Fate

The swirls of smoke rose up in still air. It was dark and yet she could trace the curves of grey, rising and diffusing into pitch black. Images were created, distorted, and transformed. She sat there, in her comfortable spot, the sofa she so loved, it held her body perfectly in place; it was like the hands of a lover, comforting and warm.
She was smoking her tenth cigarette in the row. Her mind forced her to think: why?
Why and when did she first get into this habit? It was bland, it was tasteless, it did nothing to her, and it did nothing for her. The answer she thought was hidden in the smoke. And it was. As she watched it rise she could see her deepest desires curved in those little swirls. The desire of being wanted to be heavier than all others; it rose but fell and rose again.
She looked at the cigarette in her hand, it was half-smoked; she watched the glow for a minute or two before touching it to her lips.

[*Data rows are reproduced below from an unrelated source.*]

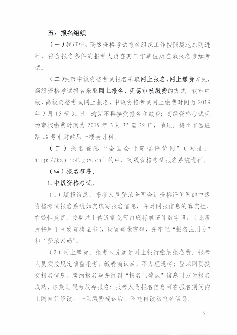 梅州市人民政府門戶網站 梅州市高新區 通知公告 關於梅州市2019年度全國會計專業技術中高級資格考試考務日程安排及有關事項的通知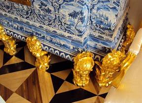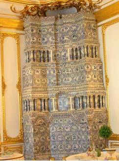 – Печь просто поставили в угол. Отделка стен не предусматривала печь, они из разных стилей, и печь явно появилась позже. Если посмотреть на верхнюю часть, то видно, что она не плотно прилегает к стене, поскольку ей мешает фигурная золочённая рельефная отделка верха стены. Такое чувство, что печку просто придвинули в угол.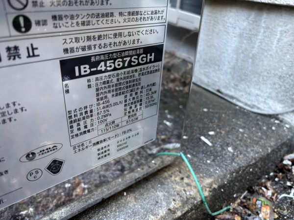 富士宮市 長府 石油給湯器 IB-4567SGH 給湯器交換工事

None knew where she was, hidden away from reality and within the darkness. She felt safe but alone. She looked at the swirls again to see if she could find an answer within them. She saw it then.
The same silhouette she wished would never cross her eyes; it was round, with little hands and tiny toes. It was there, in midair, floating and cuddled by the grey around it. It got bigger and beautiful, it got bigger and crippled. The red glow seemed to have lit it on fire. It cried, it screamed, it was in pain.
She was horrified, she was paralyzed, and she couldn’t move, her eyes darted, screams got louder, shrieks pierced her ears, her eyes started to burn, but she still couldn’t look away. The tiny hands were ripped off the fragile arms and the arms were ripped off the little round body, the head got cut into half, the head seemed to look upon its own body. The toes were cold, the toes weren’t toes, they spun to a thread, and with a pinch of fire all was set. There was no red.
“I must have done it.” She thought to herself “I did what was necessary; I did it because there was no other way”. And she had done it. She had done it in her room; she did it when her mother was sleeping; she did it in daylight. It had bled, it hurt, but there was no other way. She was a respectful little lady with a respectful family and her need to preserve her respect had made her do it. To her, God meant nothing, morals meant nothing, life and death had meant nothing. Because at that moment it all nullified, she hadn’t thought of anything and her life did flow as normal as it could get.
She woke up every day and slept every night. All smiled and all were fine. Life flowed just as it did yesterday, tomorrow would be no different and neither would be the third, next day. There was a story to this, there were days and nights and months and years which led had led to this.
There was a time when a palmist had looked her in the eyes and said nothing. And months later, her mother had pointed it out, “because his eyes said all, he said nothing.” And it was true, it wasn’t three it was four. But it was only the fate of three to see the light of day, to breathe, to sing, to dance and live.
The three were successful, she was successful, all had passed and all was well. None saw hurdles, none saw pain, and maybe that was the fact which filled in her, the fear of fire. Now in this decrepit old age, morals did matter, God was everything, death was inevitable and there was no answer. No way could she know if beyond this was heaven or hell.